На обороте: Графу Александру Петровичу.
А. Г. ТОЛСТОЙ
30 август<а 1850>. Д<еревня> Василевка
Перед выездом моим в Одессу спешу написать вам несколько строчек, добрейшая графиня. Граф пишет ко мне, чтобы между прочим известить его о времени моего прибытия в Москву. На юге буду стараться пробыть сколько возможно менее времени, но всё не думаю, чтобы раньше весны мог [мог я] доставить себе приятность свиданья с вами. Вас хочется видеть как можно скорее — вот всё. Прочее устроит бог. Будьте так добры: препроводите одно письмо к графу, а другое к Скурыдину. Я сам не знаю, как адресовать. Тот и другой, обрадовавши меня самыми приятными письмами, а своих адресов оба не сказали. О графе знаю только, что он был на пункте выехать из Петербурга, но где теперь с вами или опять отправился в дорогу, этого не знаю. Очень обрадуете меня, если хоть несколькими строчками известите и о себе, и о нем, и о всем, что вам близко. Князю, если увидите его, передайте мой глубочайший поклон. Затем бог да хранит вас. Не забывайте меня и прощайте.
Ваш весь Н. Гоголь.
Адресуйте в Одессу Poste restante или [или, пожалуй] на имя его превосх<одительства> Александра Скарлатовича Стурдзы, или, еще лучше, на имя княжны Варвары Николаевны Репниной (Стурдза, кажется, теперь в отлучке).
А. С. СТУРДЗЕ
Сентября 15 <1850. Васильевка>
После разных странствований приехавши в Полтаву, нашел я там бесценнейшее письмо ваше, добрейший и почтеннейший Александр Скарлатович. Не говорю вам о том, как получить его мне было отрадно. Хотел было тот же час вам отвечать и благодарить за дружелюбное ваше расположение, но, перечтя в другой раз, увидел, что ответ пролежит в Одессе даром по причине отлучки вашей (как пишете, до самого октября). Вследствие этого отложил и пишу теперь. Свиданье с вами меня радует много. Благословенны те чистые стремленья к святому, вследствие которых люди становятся родными и близкими друг другу! Как надежны, как неразрывны становятся тогда наши [все наши] связи! Не нужно и стараться тогда быть милым другому; сам собою становится мил человек человеку. Душевно бы хотел прожить сколько можно доле [долей] в Одессе и даже не выезжать за границу вовсе.
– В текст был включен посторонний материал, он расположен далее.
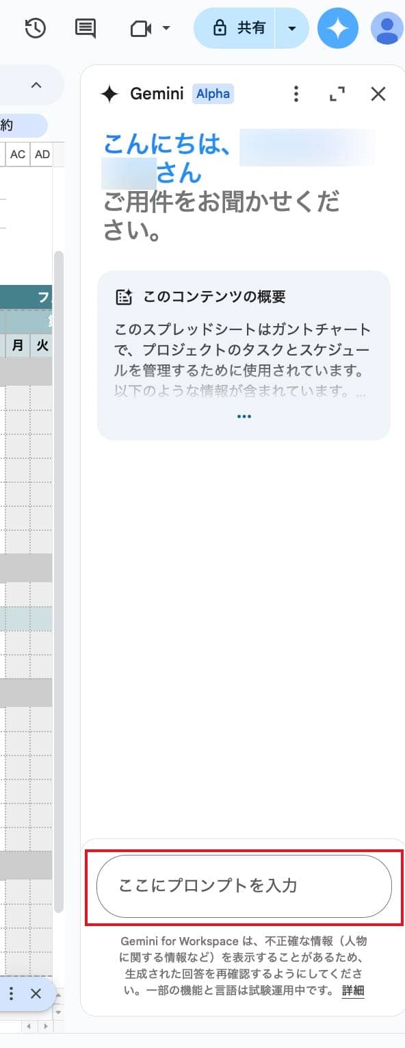 ◆ スプレッドシートの Gemini サイドパネルについて、詳しくはこちら
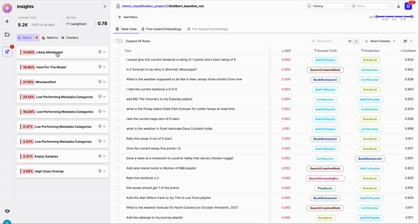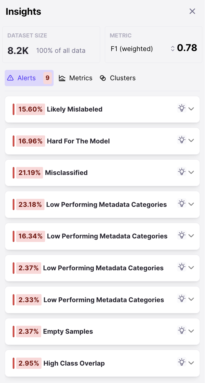 You can also view your samples in the embeddings space of the model. This can help you get a semantic understanding of your dataset. Using features like Color-By DEP, you might discover pockets of problematic data (e.g. decision boundaries that might benefit from more samples or a cluster of garbage samples). Your left pane is called the Insights Menu. On the top you can see your dataset size and choose the metric you want to guide your exploration by (F1 by default). Size and metric update as you add filters to your dataset. Your main source of insights will be Alerts, Metrics and Clusters. Alerts are a distilled list of different issues we’ve identified in your dataset. Insights such as Mislabeled Samples, Class Imbalance, Overlapping Classes, etc will be surfaced as Alerts. Clicking on an Alert will filter the dataset to the subset of data that corresponds to the Alert.

Скажу вам откровенно, что мне не хочется и на три месяца оставлять России. Ни за что бы я не выехал из Москвы, которую так люблю. Да и вообще Россия всё мне становится ближе и ближе. Кроме свойства [достоинства] родины, есть в ней что-то еще выше родины, точно как бы это та земля, откуда ближе к родине небесной. Но на беду пребыванье в ней зимою вредоносно для моего здоровья. Не столько я хлопочу и грущу о здоровье, сколько о том, что в это время бываю неспособен к работе. Последняя зима в Москве у меня почти пропала вся даром. Между тем вижу, что окончанье сочиненья моего нужно и могло бы принести пользу. [пользу, может быть, многим] Много, много, как сами знаете, есть того, что позабыто, но не должно позабываться, что нужно выставить в живых, говорящих примерах— словом, много того, о чем нужно напомнить нынешнему современному человеку и что принимается ушами многих только тогда, когда скажется в высоком настроении поэтической силы. А сила эта не подымается, когда болезненна [становится болезненна] голова. Обыкнов<енно> работается у меня там, где находится ненатопленное тепло, где я могу утреннее утружденье головы развеять и рассеять послеобедним пребываньем и прогулками на благорастворенном теплом [вольно<м>] воздухе; без того у меня голова на другой день не свежа и не годится к делу. Но верю, что бог властен сделать всё, и его милосердию нет границ: может и под суровым воздухом Черного моря, в [и в] самой Одессе, всё еще холодной для меня, найти свежее расположение духа — и тогда, разумеется, я ни за что не выеду за границу, с [и с] радостью проведу несколько месяцев с вами, в ожиданьи чего
ваш весь Н. Гоголь.
Благодарю много добрейшего Неводчикова за его милую приписочку в вашем письме. Нет, я его не позабыл и помню: такое радушное участие и такое доброе расположение не позабываются. Прошу вас также передать преосвященному Иннокентию мою чувствительную благодарность за его пастырское благословенье. Благословенье пастыря есть уже само по себе благодатный подарок, а соединенное с тем любовным чувством сердечного участия, с каким верно оно соедини<лось> у него, вдвойне благодатно. Не позабудьте также передать поклон мой о. М. Павловскому и всем, кто меня помнит.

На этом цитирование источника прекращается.